Find Us On Social Media :

Tradisi Tiwah: Pesta Mengantar Arwah ke Surga Agar Tak Tersesat

By Ade Sulaeman, Sabtu, 13 Januari 2018 | 15:45 WIB

Tiwah bukan sekadar upacara keagamaan. la juga sebuah bentuk keriaan yang paling besar dan kolosal yang dikenal orang Ngaju.

Pesta untuk para arwah ini tak bisa ditandingi oleh pesta perkawinan yang paling mewah sekalipun. Orang Ngaju yang tinggal di rantau boleh saja tak pulang kampung jika ada kerabatnya yang kawin, tapi ia pasti pulang untuk tiwah.

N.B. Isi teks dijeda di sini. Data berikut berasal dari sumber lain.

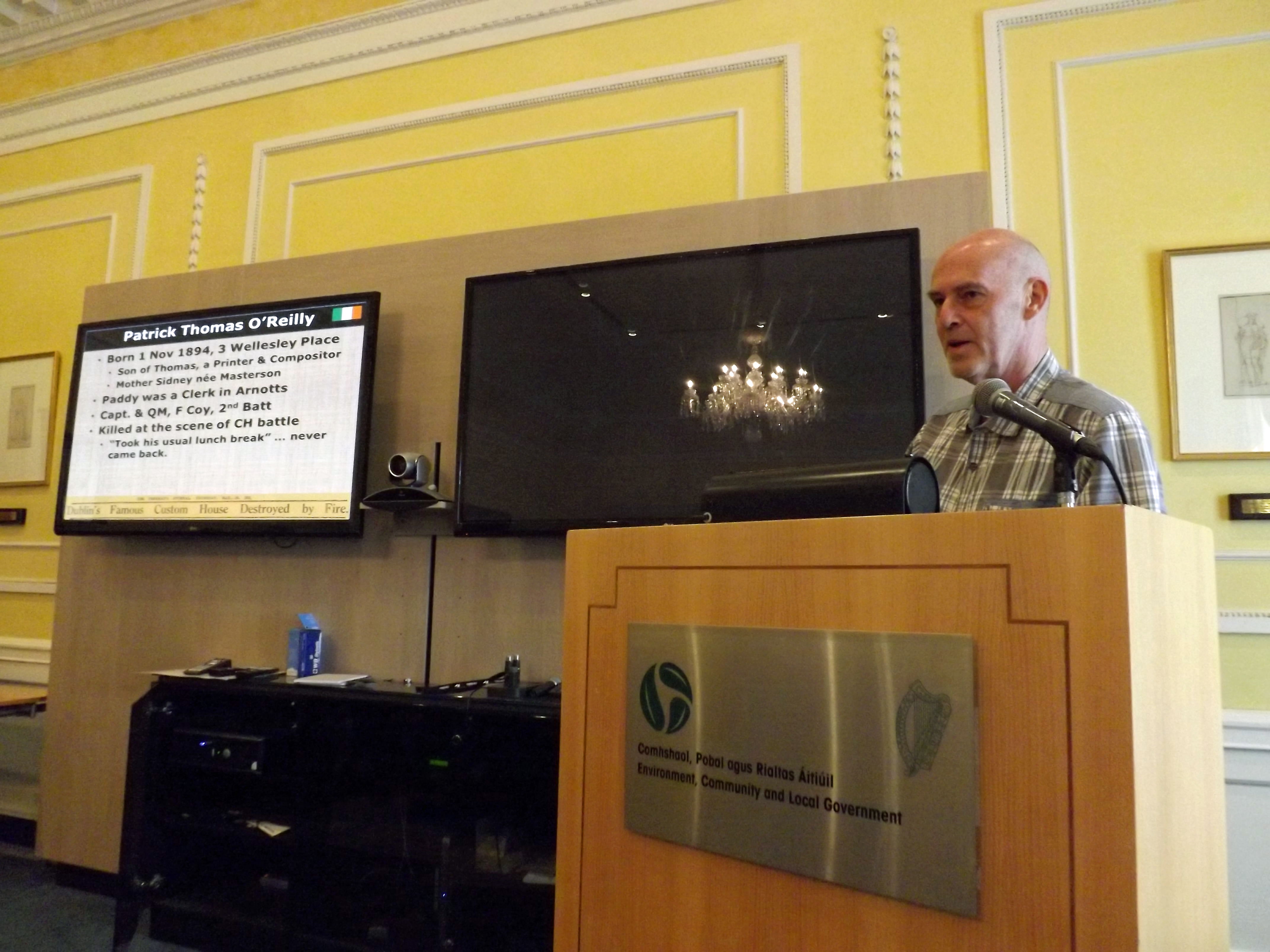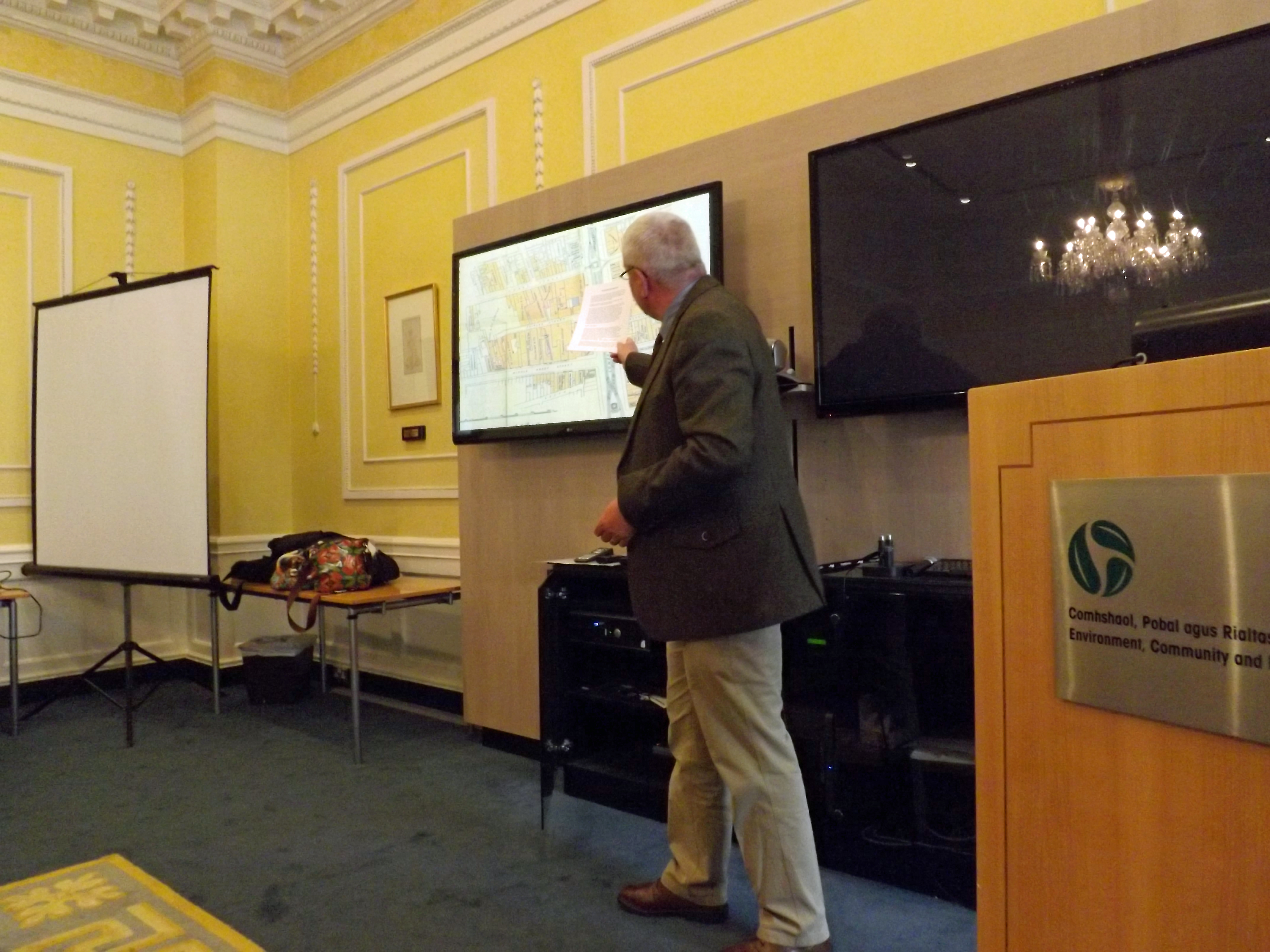Liz Gillis chaired the conference and Mícheál Ó Doibhilin operated the technical equipment and took photos for this report. All expressed their delight with the Conference, and their appreciation of the Department. It is hoped to have the Conference in the Custom House again in 2016, and to build towards a major commemoration and Conference in 2021.
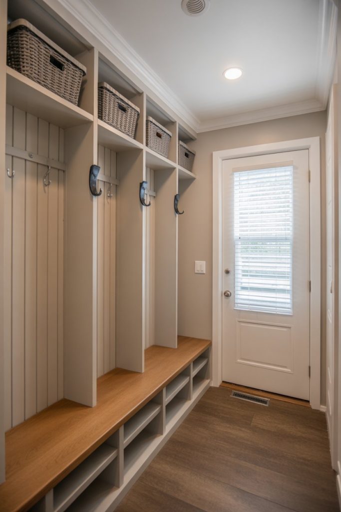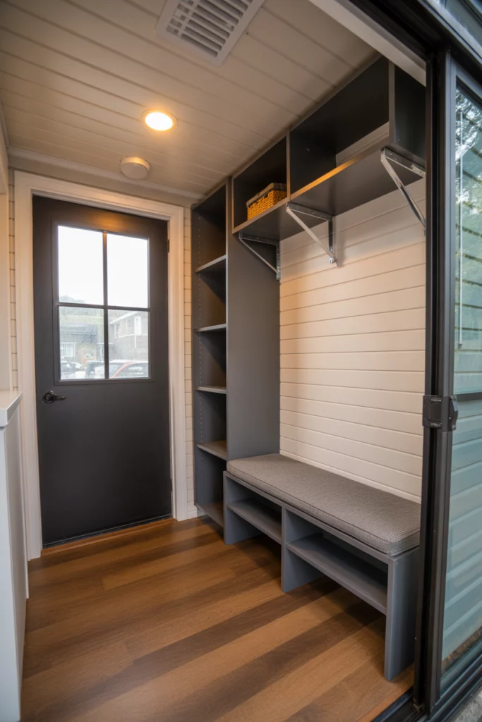 A tiny home mudroom doubles as a transition zone, laundry nook, and storage hub. Compact shelves, sliding doors, and fold-away seating help conserve space. This idea works for small houses, mobile homes, or accessory dwelling units where every area must multitask but still look thoughtfully arranged.
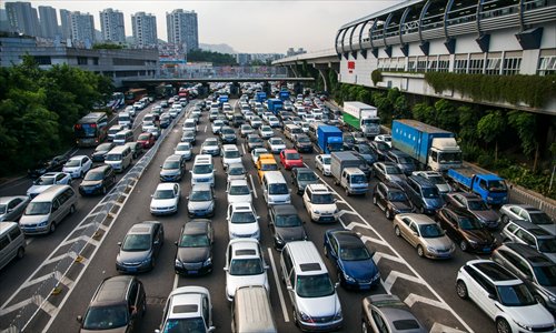 A scene of traffic congestion in Shenzhen on September 5, one day before the Mid-Autumn Festival Photo: CFP
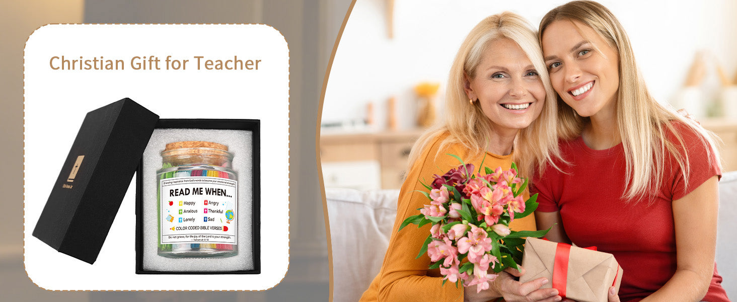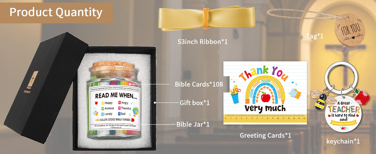 - What You will Get: You will receive a jar with bible verses, an elegant gift box with a cross design, a heartfelt keychain with a teacher appreciation message, a champagne colored satin ribbon, and a colorful thank-you greeting card—making it a meaningful and hassle-free present
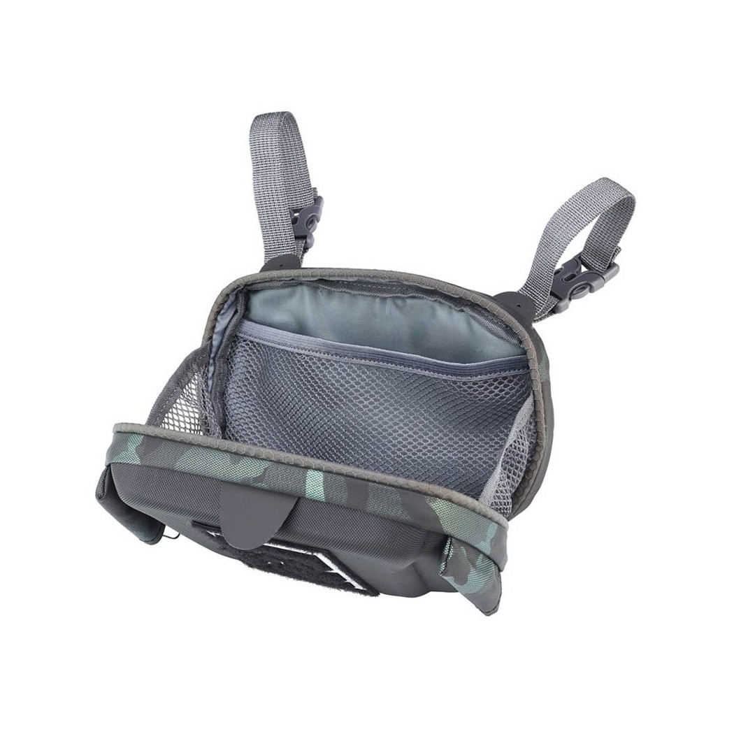La répartition du poids est optimisée par les bretelles réglables. Le revêtement matelassé et au tissage aéré laisse circuler l’air entre la peau et la matière. Doté de deux poches frontales à fermetures magnétiques, l’une dédiée au stockage des fils, l’autre à celui des boîtes. Ce système permet un accès rapide à l’ensemble des accessoires. Les deux poches latérales offrent un rangement du petit matériel. La languette frontale peut recevoir accroche-mouches velcro et les accessoires comme les pinces, dégorgeoirs ou ciseaux. Les trois poches dorsales permettent le rangement d’un vêtement, d’un camel bag et de matériel secondaire. Deux ganses intérieures assurent le bon positionnement d’une seconde canne montée.
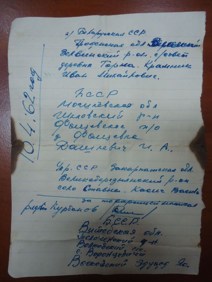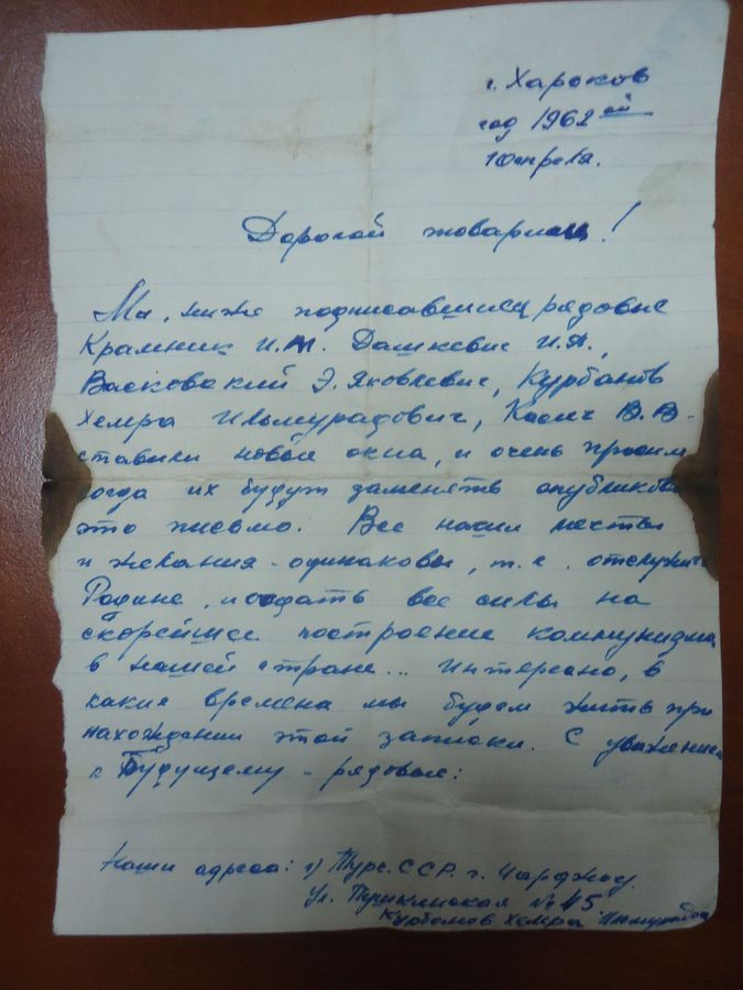«Мы, нижеподписавшиеся рядовые Крамник И.М, Дашкевич И.Я., Васковский Э.Яковлевич, Курбанов Хемра Ильшурадович, Касич В.В ставим новые окна и очень просим, кода их будут заменять, опубликовать это письмо. Все наши мысли и желания - одинаковы т.е. отслужить Родине, и отдать все силы на скорейшее построение коммунизма в нашей стране... Интересно, в какие времена мы будем жить при нахождении этой записки. С уважением к Будущему - рядовые», - написали в далеком 1962 году советские военные.
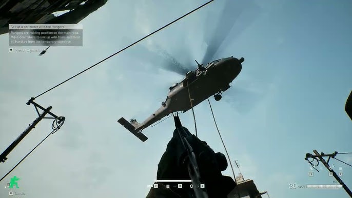 《黑鹰坠落》战役共分为 7 个章节,完整复刻了电影中从突袭抓捕到坠机救援的全过程。玩家将扮演美军特种部队成员,亲历情报失误、直升机坠毁、巷战突围等经典桥段。剧情中既有对历史事件的忠实呈现(如摩加迪沙的街道布局、民兵伏击细节),也加入了影视化的叙事手法,让玩家仿佛置身于一部战争大片中。
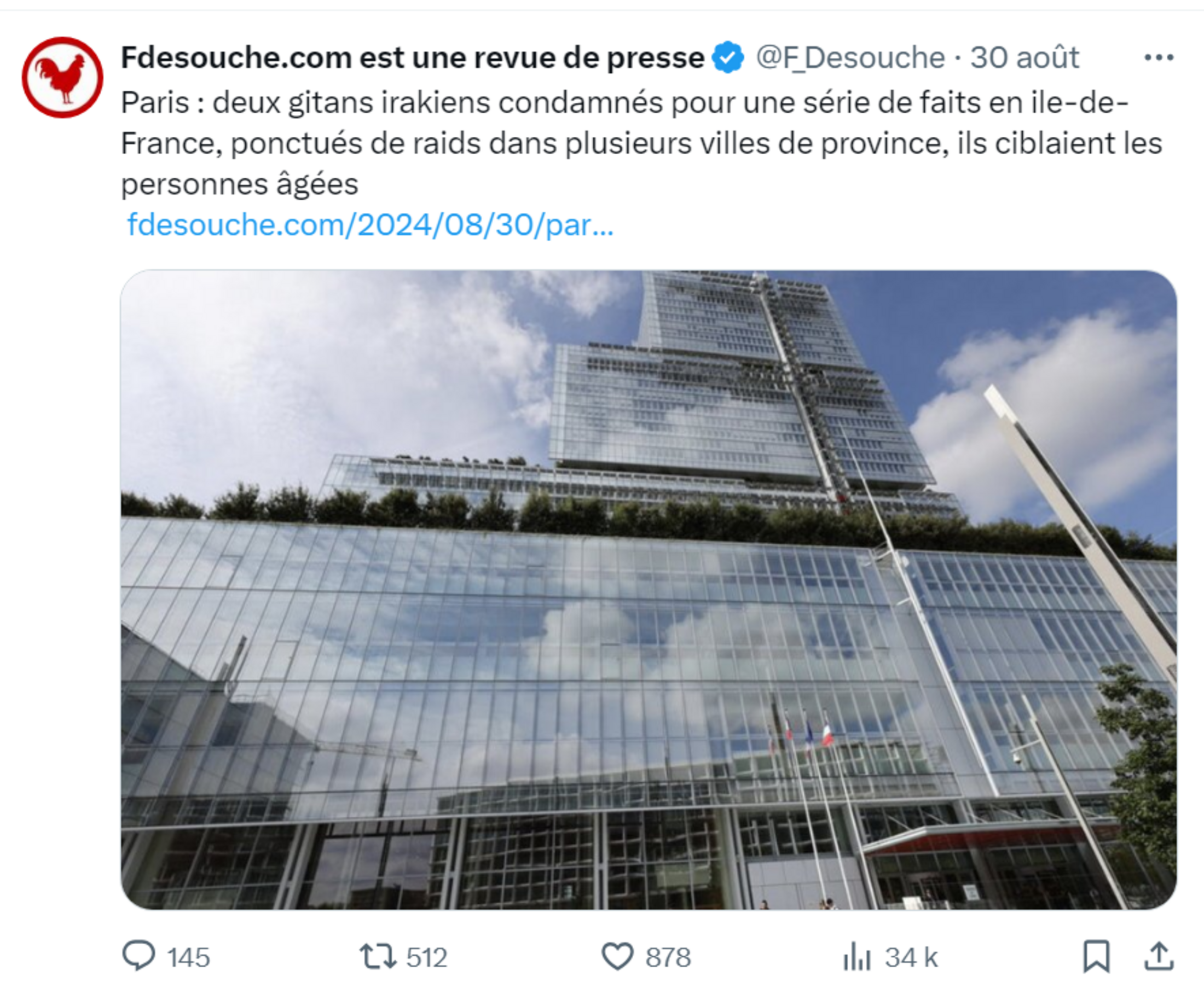 Des comptes spécialisés à forte audience, qui se présentent comme des “revues de presse” sont chargés de la présélection, d’injecter dans la sphère matière à commentaire raciste ou discriminatoire. Leurs yeux sont rivés sur la nationalité, ou à défaut le prénom des suspects.

Para penjudi juga berpesta

Bukan hanya kaum kerabat dan undangan saja yang datang menghadiri pesta yang jadi rukun iman pertama pemeluk agama Hindu Kaharingan ini.

Ribuan pengunjung biasa juga berdatangan dari berbagai pelosok, terutama di hari puncak acara. Mereka ini termasuk para penjudi dan bandar judi, yang sengaja datang untuk mengadu nasib dengan dadu atau kartu remi.

Perjudian sudah jadi tradisi yang melengkapi pesta tiwah. Karena itu, selama masa pesta pihak kepolisian biasanya memberi izin khusus untuk melakukan kegiatan yang sebenarnya terlarang ini.

Disamping itu, setiap malam juga diselenggarakan pesta, lengkap dengan acara minum arak dan menari bersama.

Walau tiwah berkaitan dengan soal kematian, sedikit pun tak ada suasana duka dalam pelaksanaannya. Soalnya, tiwah bukan upacara kematian biasa, tapi upacara kematian khusus untuk mengantar para arwah ke surga.

Perjalanan ke surga tentu saja bukan hal yang patut diratapi, tapi justru harus disyukuri. Karena itu, tiwah bukan disebut upacara, tapi pesta, dan diselenggarakan dalam suasana penuh suka cita.

Menunggu 20 tahun sebelum masuk surga

Kuburan ternyata tak selalu berarti tempat peristirahatan terakhir. Menurut aturan agama Kaharingan, agama asli orang Ngaju, kuburan di mana orang ditanam begitu setelah ia mati masih merupakan "rumah" sementara.

Setelah beberapa tahun - atau bisa juga lebih lama lagi - tulang-belulang yang tersisa baru akan dipindahkan ke dalam sandung, yang menjadi tempat peristirahatan terakhir yang sesungguhnya.